The "bump" just before video end. Is interesting. If associated with cut out and return of power, and not some bump in the road.

I had knock sensor wire cut, in an 01LX. Did not have noticeable engine effect other than CEL and dash lights.
You can look under intake manifold from front, and may see signs of nest under there. If one found vacuum out and look closer from front, possible with snake camera

Some thought:
If only does during or just after getting wet (rain, snow or car wash), could be a clue.
Make sure ground wire near heater Tee securely plugged in. Same goes for MAF, and all wire blocks.
Throttle body. Sudden power or motor cut out, closing and open butterfly.
VVT control. Wrong oil weight can effect them.
Cam sensor either main or VVT sensors.
Crank sensor.
Timing belt tension issue.
Look over wire housing engine and transmission very closely. Don't miss alternator connection.
Coil(s) misfiring.

Getting to repeat while tech stream hook-up and recording my yield clues.
Check for DTC as soon as it happens, without turning key off.
 
Last edited:
Since RPMs drop, I don't think it's transmission or TQ.

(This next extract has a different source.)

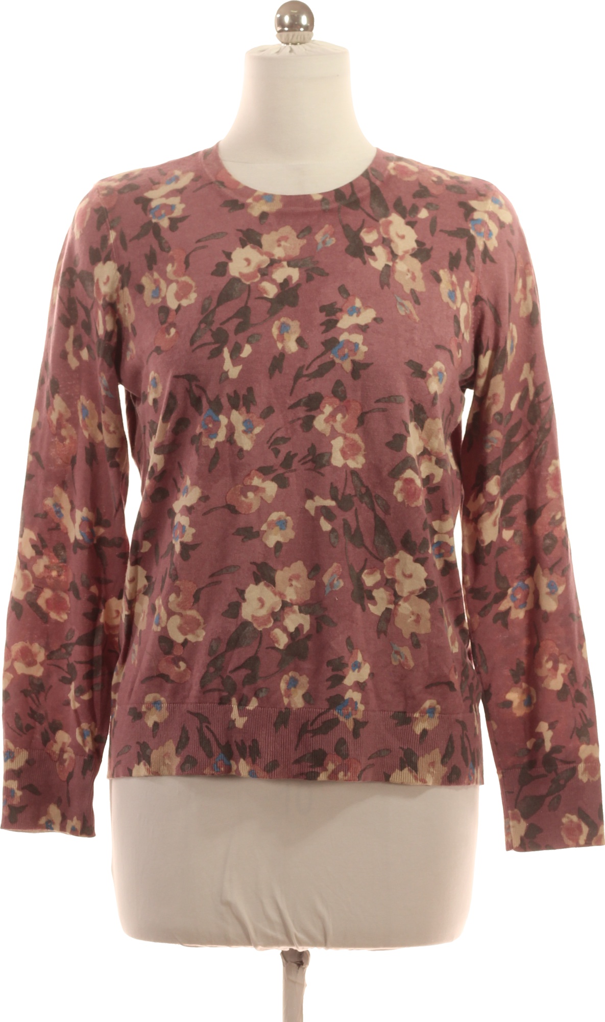 Laurel Dámský růžový vzorovaný květinový pulovr dlouhý rukáv lehký basic Vel. l

The "bump" just before video end. Is interesting. If associated with cut out and return of power, and not some bump in the road.

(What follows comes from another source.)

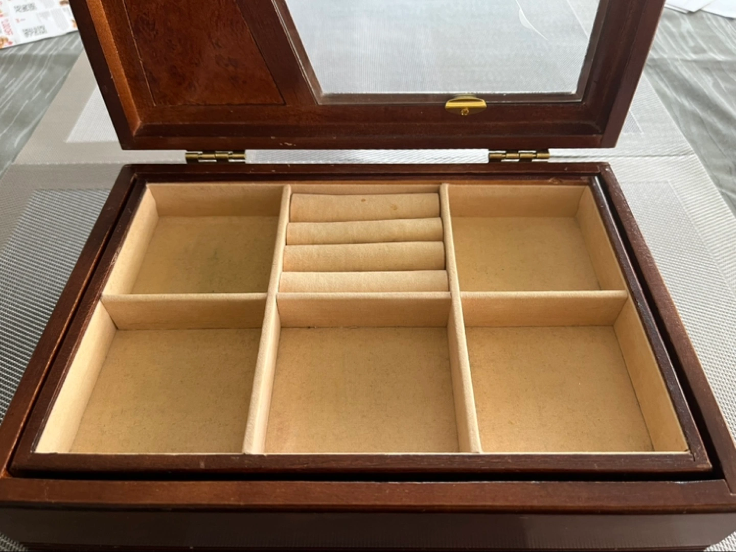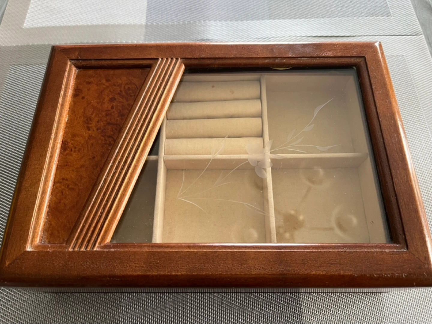 Wood and glass jewelry box, 2 layers. Pretty etched flower in glass. Bottom is one large undivided area. Top layer has compartments and ring holders for about 9+ rings.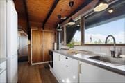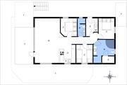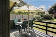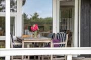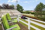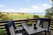Velholdt hus ved Samsøs vestkyst med træterrasse mod sydvest.

I had knock sensor wire cut, in an 01LX. Did not have noticeable engine effect other than CEL and dash lights.
You can look under intake manifold from front, and may see signs of nest under there. If one found vacuum out and look closer from front, possible with snake camera

Some thought:
If only does during or just after getting wet (rain, snow or car wash), could be a clue.
Make sure ground wire near heater Tee securely plugged in. Same goes for MAF, and all wire blocks.
Throttle body. Sudden power or motor cut out, closing and open butterfly.
VVT control. Wrong oil weight can effect them.
Cam sensor either main or VVT sensors.
Crank sensor.
Timing belt tension issue.
Look over wire housing engine and transmission very closely. Don't miss alternator connection.
Coil(s) misfiring.

Getting to repeat while tech stream hook-up and recording my yield clues.
Check for DTC as soon as it happens, with turning key off.
I will definitely look into those items. That “bump” was power coming back online and noise from the driveline being shocked as it abruptly came back online. We have some front diff bushings to replace for sure. It occurs under any condition (wet, dry, cold, hot). Using 5w-30 Mobil 1 synthetic. Oil and filter just changed 1500 miles ago. Interestingly enough, previous owner reported problem back at 173,000 miles as shown above and Toyota could not get problem to replicate. Now it’s occurring just about every drive which should make it easier to diagnose. Throttle body assembly is clean and fairly new being replaced by previous owner at 180k.

We did have a p0011 code for bank 1 (camshaft position timing) about a year ago, but it quickly went away and hasn’t come back since. I believe we changed the oil and reset ecu. No longer an issue, and it ran fine even with the code on.

Does anyone have a tutorial or quick step by step on how to record in techstream for this specific issue? Assuming I go into the engine and ect utility and then what?